P. ¿Y durante este 2021?

R. En el año 2021 ha tenido, desde el punto de visto de donaciones y trasplantes, dos momentos un poco más críticos, que coinciden con la primera y la tercera ola. Es decir, enero y febrero, y por otra parte julio y agosto. En esos dos momentos, que eran cuando estábamos experimentando la saturación del sistema sanitario y, sobre todo, la saturación de las unidades de cuidados intensivos, ahí, la actividad descendió en comparación con lo que registramos en condiciones normales. Por los mismos motivos de la primera ola, pero, evidentemente, con un impacto mucho menor porque estábamos mejor preparados que en la primera y tercera ola. Fuera de esos meses que han sido más críticos, la actividad ha sido muy parecida a la que habríamos registrado en un año, como fue el año 2019.

P. ¿Cuál es el balance global?

R. Atendiendo a esas dos olas que hemos vivido, el balance es que hemos mejorado con respecto al año 2020, pero todavía intentamos lograr lo alcanzado en el año 2019, que es nuestra referencia. Pero que, por otro lado, es un año de récord histórico dentro de toda la trayectoria de la ONT. Así que tenemos una referencia que supone un año de tal excelencia que es complicado volver rápidamente a esa situación, que es a la que nosotros aspiramos conseguir. Creo que la buena noticia es que hemos conseguido coexistir con la epidemia y que hemos conseguido enfrentarnos a esa tercera y quinta ola mucho mejor que como nos enfrentamos en la primera ola. Y que, por lo tanto, vamos viendo una mejora con respecto a lo logrado en el año 2020.

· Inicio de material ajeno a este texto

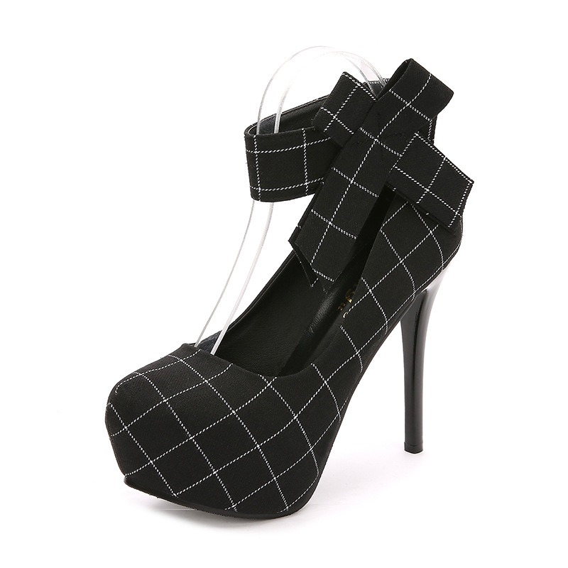 Popular elements: plaid, flanging, stitching, shallow mouth, waterproof platform, ankle ring bandage cloth, height increasing insole
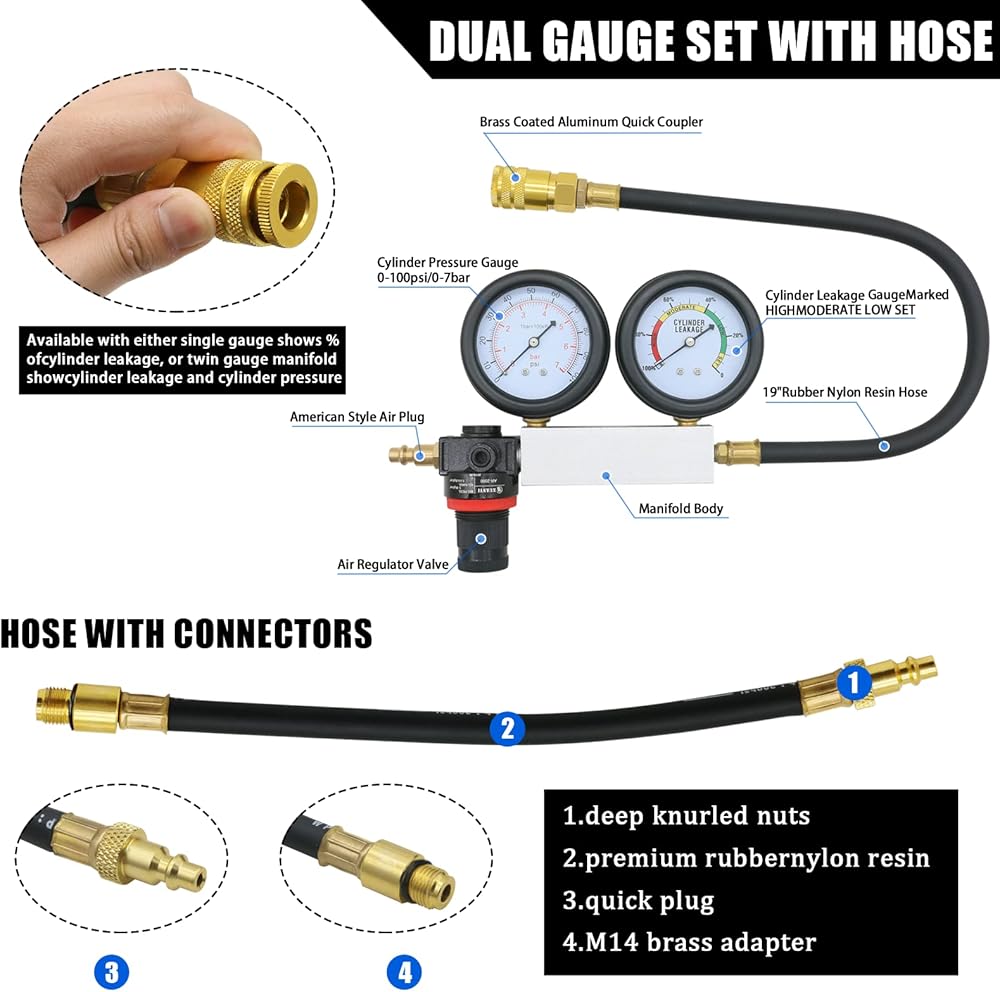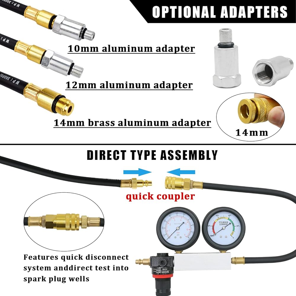 [يناسب سيارتك] - مناسب للاستخدام على أي محركات بنزين رباعية الأشواط مع شمعات إشعال 10 أو 12 أو 14 مم. يقوم جهاز الاختبار بفحص كمية التسرب في أسطوانة المحرك ويساعد في تحديد المصدر. مثالية لاختبار الشاحنات والسيارات ذات الطراز المتأخر حيث يكون التخليص في حده الأدنى.
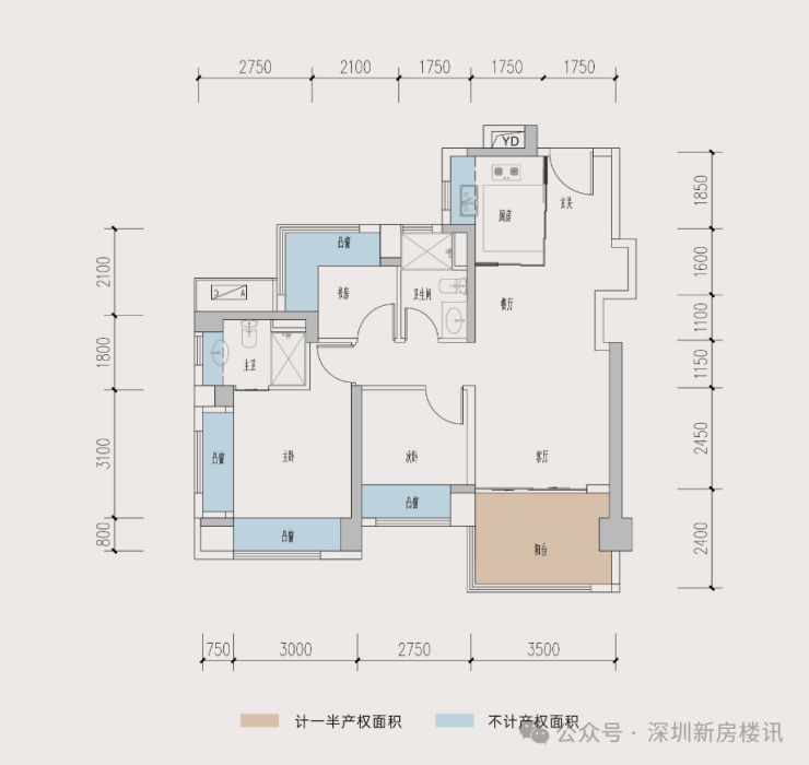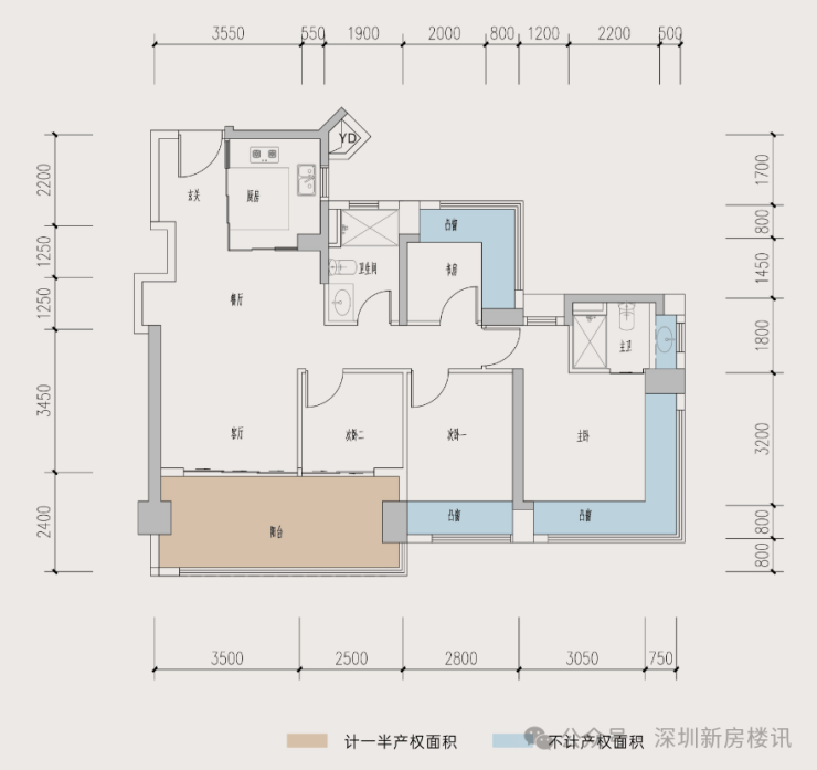 竖厅格局,客厅3.5米开间,三开间朝南,主卧+1个次卧270°飘窗,3个卧室分别做到了主卧15.1㎡/次卧8.52㎡/次卧7.77㎡(含飘窗),得房率约:77.39%(不含赠送),西南朝向。赠送面积16.96㎡,加上赠送得房率96.84%。
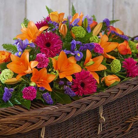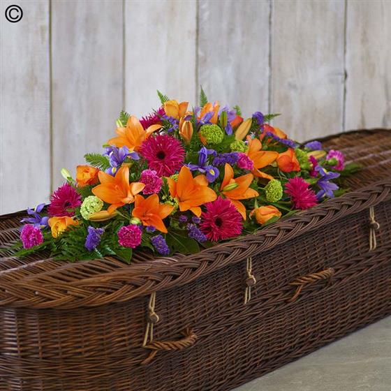 A casket spray of beautifully bright blooms including cerise carnations, orange roses and striking orange lilies.

P. ¿Qué tipo de obstáculos supuso la pandemia?

R. En España, particularmente, no teníamos ningún tipo de referencia de qué hacer con el trasplante en la primera ola. Primero, protocolos de valoración y selección de donantes y receptores, con respecto a la infección. A esto se le añadió el ser capaces además de hacer nuevas determinaciones diagnósticas de si los donantes y receptores estaban infectados para que pudiéramos llevar a cabo sus procedimientos. Eso fue uno de nuestros grandes obstáculos iniciales. Otro obstáculo importante al que nos enfrentamos fue al desconocimiento. No sabíamos qué implicaciones tenía la infección para el receptor y si se podía transmitir.

“2019 fue un año de récord histórico dentro de toda la trayectoria de la ONT”

P. ¿Qué medidas o protocolos de actuación adoptaron para resolver estos obstáculos?

R. En ONT, por ejemplo, empezamos a recopilar prácticamente de forma inmediata y centralizada información sobre todos los casos de pacientes trasplantados que adquirían la infección en nuestro país. Esto nos ha permitido conocer muchos más efectos de lo que significaba la infección para el paciente trasplantado de sus implicaciones. Además, hemos constatado que no hemos tenido ni un caso de transmisión de la infección de donante al receptor con los estándares que estábamos aplicando. En tercer lugar, hemos dado unas instrucciones muy claras desde el principio a los centros de cómo gestionar los programas, subrayando que el trasplante debe tener consideración de procedimiento urgente y no demorable. Porque todo trasplante que no hacemos hoy, salvo un trasplante de vivo, claro, que es programable, es una oportunidad perdida. Pero, evidentemente, instamos a los centros a que, en función de la situación de cada día y de cada centro, se tomaran las decisiones con respecto a los programas. Una vez mejoraba la situación en el centro, rápidamente recuperábamos todos los programas.

P. ¿Resaltaría algún procedimiento o método utilizado durante la pandemia?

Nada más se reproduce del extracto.